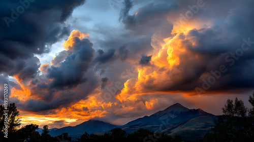 © Fonlinepix, Naklejka premium Golden clouds stretch across the evening sky, gently lit by the last rays of sunlight as the mountains stand tall below.
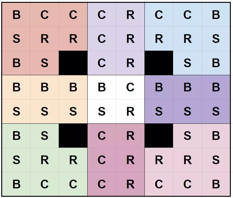 然后种植4种类型的花朵,确保每个区域中每种类型的花朵数量相同。(颜色无关紧要,仅用于辅助可视化)
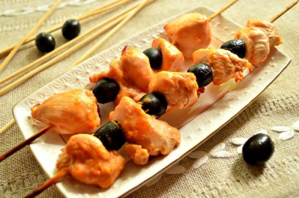 L'une des idées spectaculaires et savoureuses à la table du buffet ou tout simplement pour les réunions à domicile sera la salade César en brochettes. Il faut préparer des croûtons, faire de la vinaigrette. Hachez ensuite les ingrédients, placez-les sur des brochettes.
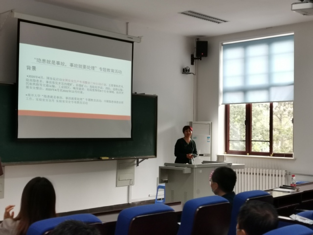 随后,学院分管副院长唐柏权从天津汇洋石油储运有限公司重大安全隐患事件的通报情况入手,对事故隐患问题、企业处理结果以及其他责任部门的处理结果进行了事件剖析。并通过对北交大爆燃事故、危险性操作事故、气体安全事故等典型案例的解读,进行安全警示,呼吁师生提高安全意识,确保自身安全,保护他人安全,维护学校安全稳定。
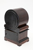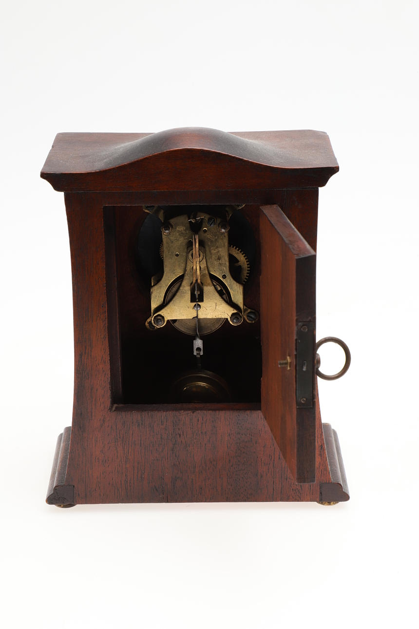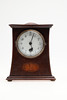 Including a mantle clock with a circular white dial and black numbers, with an unusual circular brass pendulum and wound from the back (26cms high). Also with an Edwardian mantle clock with white enamel dial and inlaid decoration, with a key and pendulum (20cms high). (2).
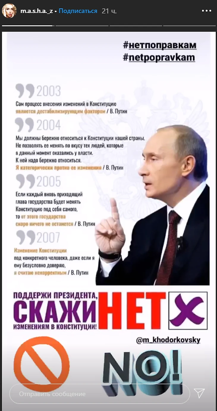 Супруга форварда «Зенита» и сборной России Андрея Зубкова Мария выступила против поправок в Конституцию.
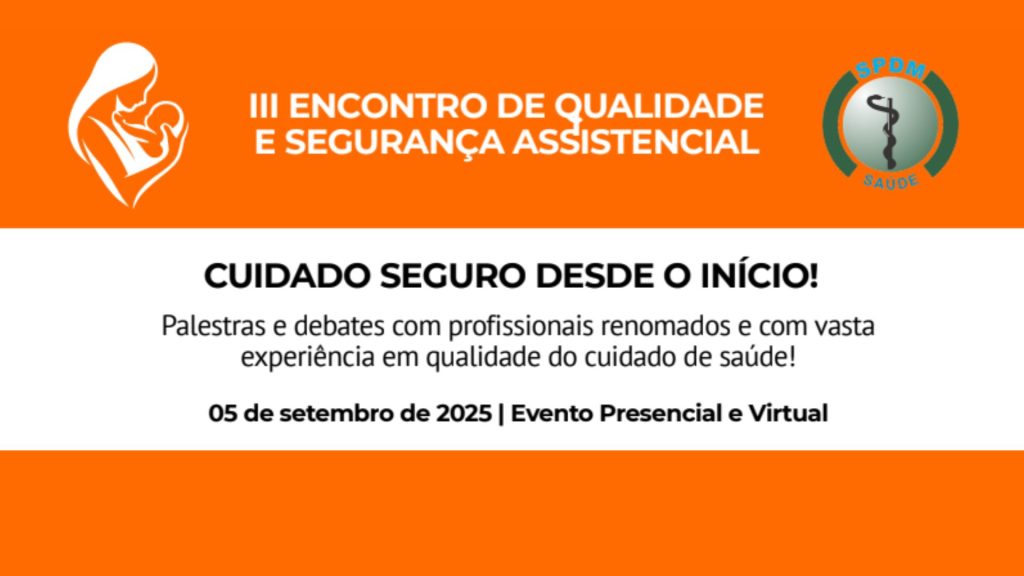 No dia 05 de setembro de 2025, acontece o III Encontro de Qualidade e Segurança Assistencial das Instituições Afiliadas da SPDM, com o tema “Cuidado Seguro Desde o Início!”. O evento será presencial e virtual, reunindo profissionais e especialistas com vasta experiência em qualidade no cuidado à saúde.
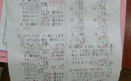 「たし算」「ひき算」のテストをしました。
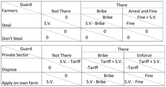 The interactions of the various stakeholders were modelled using a Game Theory approach to examine how the agents adjust their behaviour based on the relative pay-offs of different approaches [,]. In our model, for example, private companies have an initial probability of either illegally applying sludge on their own land or disposing at the municipal FS site, while the site guard has the choice of accepting bribes or enforcing the law. Based on the effective pay-off of each interaction, agents then adjust the probability of their behaviour to increase their chances of increasing their payoff in future interactions. There are two components to the pay-offs of different behaviours for each agent: the intrinsic value of the FS in their possession, and the loss/gain of money from paying dumping fees, bribes or fines. The pay-offs and risks of different interactions are shown in Figure 5.
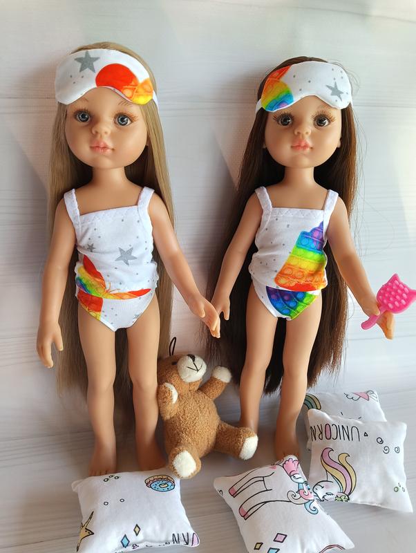 Комплект для ляльки Паола Рейна Майка + трусики, 130грн Маска для сну 70грн Очень красивый и яркий комплект. Базовые цвета все в наличии Ручная работа. Кресло подушка для куклы 150грн Комплект постельного белья 450грн
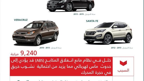 التجارة السعودية: استدعاء 9000 سيارة هيونداي لخلل في الفرامل
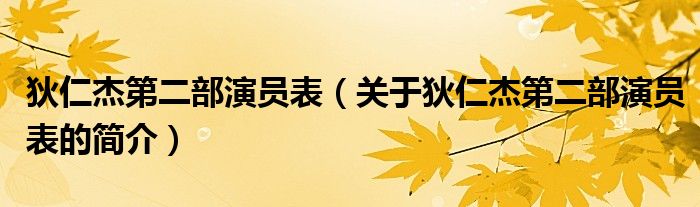 本文關于狄仁杰第二部演員表的簡介就講解完畢,希望對大家有所幫助。
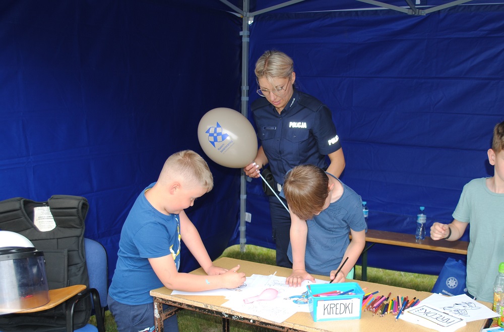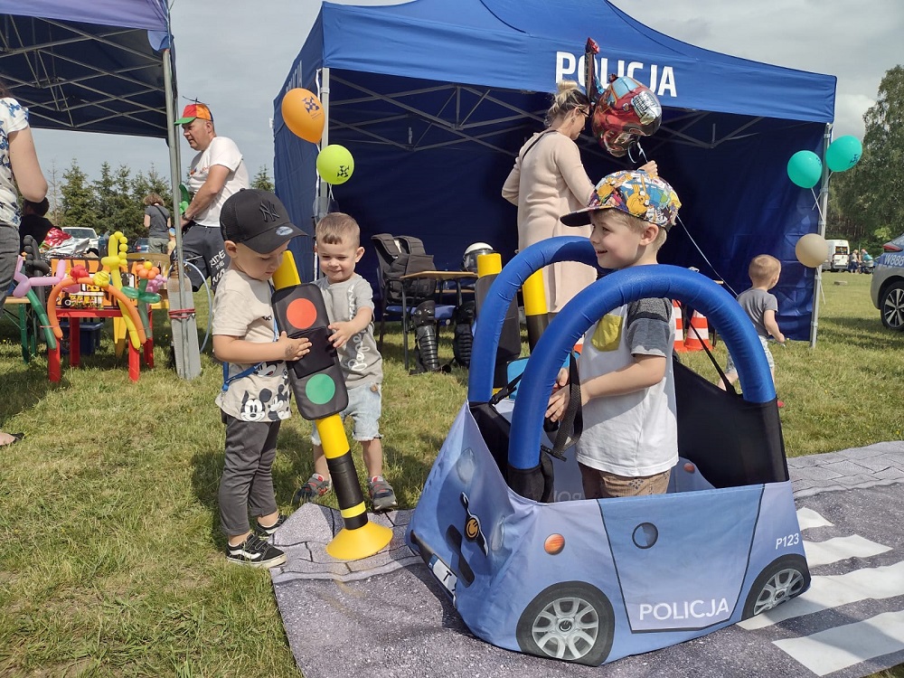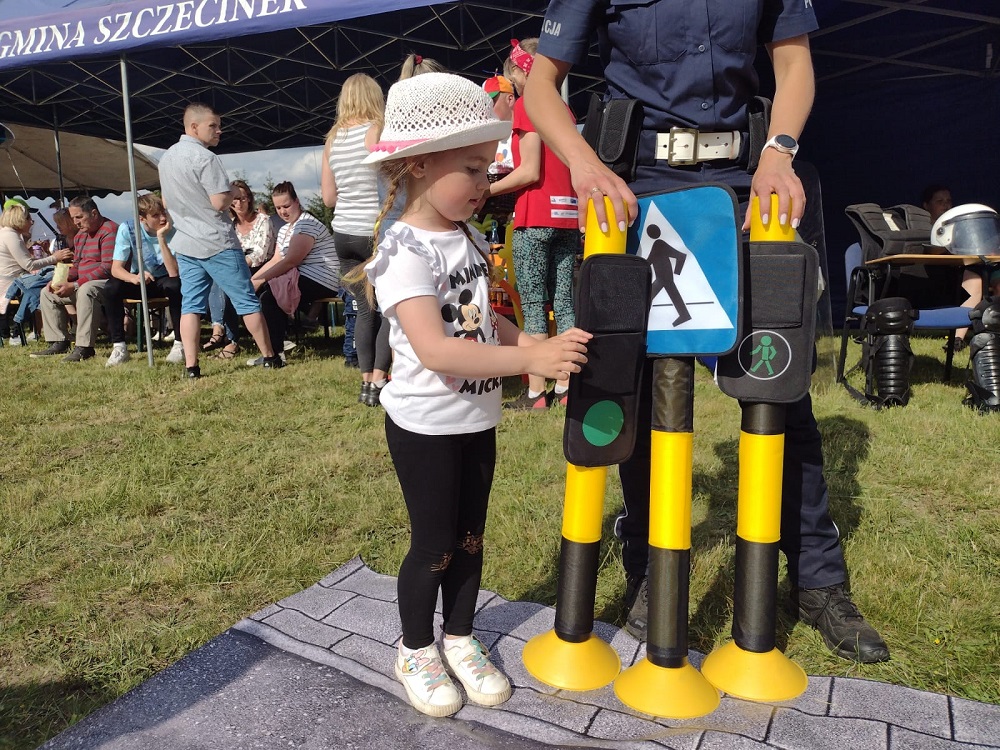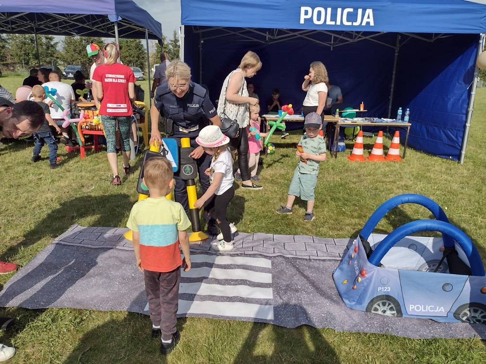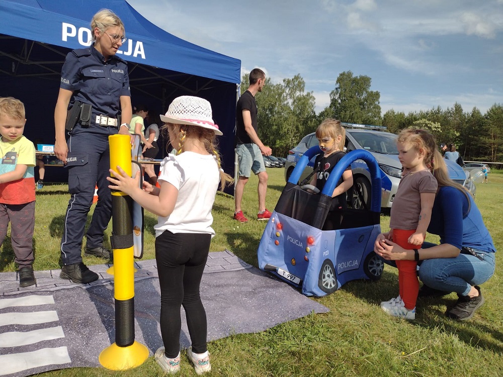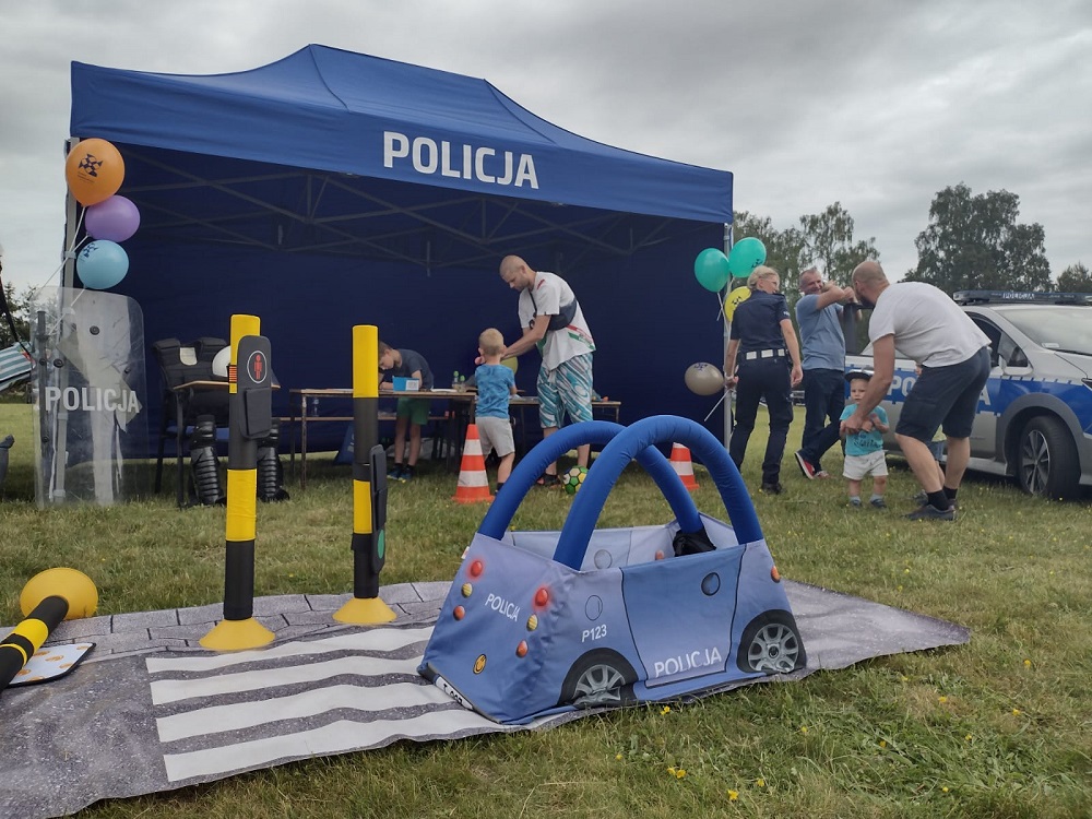Policjanci z Komendy Powiatowej Policji w Szczecinku przygotowali z tej to oto okazji stoisko profilaktyczne, na którym oprócz policyjnego sprzętu promowali również zawód policjanta. Mundurowym z wykorzystaniem elementów edukacyjnego miasteczka ruchu drogowego „Autochodzik” nie stronili od wspólnej zabawy z najmłodszymi. Nie zabrakło też atrakcji dla nieco starszych uczestników pikniku – tor zręcznościowy z użyciem alkogogli oraz sprzęt podwyższonego ryzyka. Jak zwykle ogromnym zainteresowaniem cieszył się policyjny radiowóz i możliwość uruchomienia sygnałów dźwiękowych oraz błyskowych. Dla najmłodszych, którzy potrzebiwali chwili wytchnienia od beztroskiej zabawy i słońca w policyjnym namiocie czekały wyciszające kolorowanki.

-------

Would you reproduce the records exactly as they stand, but without the pictures?

 © Fonlinepix, Naklejka premium Golden clouds stretch across the evening sky, gently lit by the last rays of sunlight as the mountains stand tall below.
 然后种植4种类型的花朵,确保每个区域中每种类型的花朵数量相同。(颜色无关紧要,仅用于辅助可视化)
 L'une des idées spectaculaires et savoureuses à la table du buffet ou tout simplement pour les réunions à domicile sera la salade César en brochettes. Il faut préparer des croûtons, faire de la vinaigrette. Hachez ensuite les ingrédients, placez-les sur des brochettes.
 随后,学院分管副院长唐柏权从天津汇洋石油储运有限公司重大安全隐患事件的通报情况入手,对事故隐患问题、企业处理结果以及其他责任部门的处理结果进行了事件剖析。并通过对北交大爆燃事故、危险性操作事故、气体安全事故等典型案例的解读,进行安全警示,呼吁师生提高安全意识,确保自身安全,保护他人安全,维护学校安全稳定。
 Including a mantle clock with a circular white dial and black numbers, with an unusual circular brass pendulum and wound from the back (26cms high). Also with an Edwardian mantle clock with white enamel dial and inlaid decoration, with a key and pendulum (20cms high). (2).
 Супруга форварда «Зенита» и сборной России Андрея Зубкова Мария выступила против поправок в Конституцию.
 No dia 05 de setembro de 2025, acontece o III Encontro de Qualidade e Segurança Assistencial das Instituições Afiliadas da SPDM, com o tema “Cuidado Seguro Desde o Início!”. O evento será presencial e virtual, reunindo profissionais e especialistas com vasta experiência em qualidade no cuidado à saúde.
 「たし算」「ひき算」のテストをしました。
 The interactions of the various stakeholders were modelled using a Game Theory approach to examine how the agents adjust their behaviour based on the relative pay-offs of different approaches [,]. In our model, for example, private companies have an initial probability of either illegally applying sludge on their own land or disposing at the municipal FS site, while the site guard has the choice of accepting bribes or enforcing the law. Based on the effective pay-off of each interaction, agents then adjust the probability of their behaviour to increase their chances of increasing their payoff in future interactions. There are two components to the pay-offs of different behaviours for each agent: the intrinsic value of the FS in their possession, and the loss/gain of money from paying dumping fees, bribes or fines. The pay-offs and risks of different interactions are shown in Figure 5.
 Комплект для ляльки Паола Рейна Майка + трусики, 130грн Маска для сну 70грн Очень красивый и яркий комплект. Базовые цвета все в наличии Ручная работа. Кресло подушка для куклы 150грн Комплект постельного белья 450грн
 التجارة السعودية: استدعاء 9000 سيارة هيونداي لخلل في الفرامل
 本文關于狄仁杰第二部演員表的簡介就講解完畢,希望對大家有所幫助。
Policjanci z Komendy Powiatowej Policji w Szczecinku przygotowali z tej to oto okazji stoisko profilaktyczne, na którym oprócz policyjnego sprzętu promowali również zawód policjanta. Mundurowym z wykorzystaniem elementów edukacyjnego miasteczka ruchu drogowego „Autochodzik” nie stronili od wspólnej zabawy z najmłodszymi. Nie zabrakło też atrakcji dla nieco starszych uczestników pikniku – tor zręcznościowy z użyciem alkogogli oraz sprzęt podwyższonego ryzyka. Jak zwykle ogromnym zainteresowaniem cieszył się policyjny radiowóz i możliwość uruchomienia sygnałów dźwiękowych oraz błyskowych. Dla najmłodszych, którzy potrzebiwali chwili wytchnienia od beztroskiej zabawy i słońca w policyjnym namiocie czekały wyciszające kolorowanki.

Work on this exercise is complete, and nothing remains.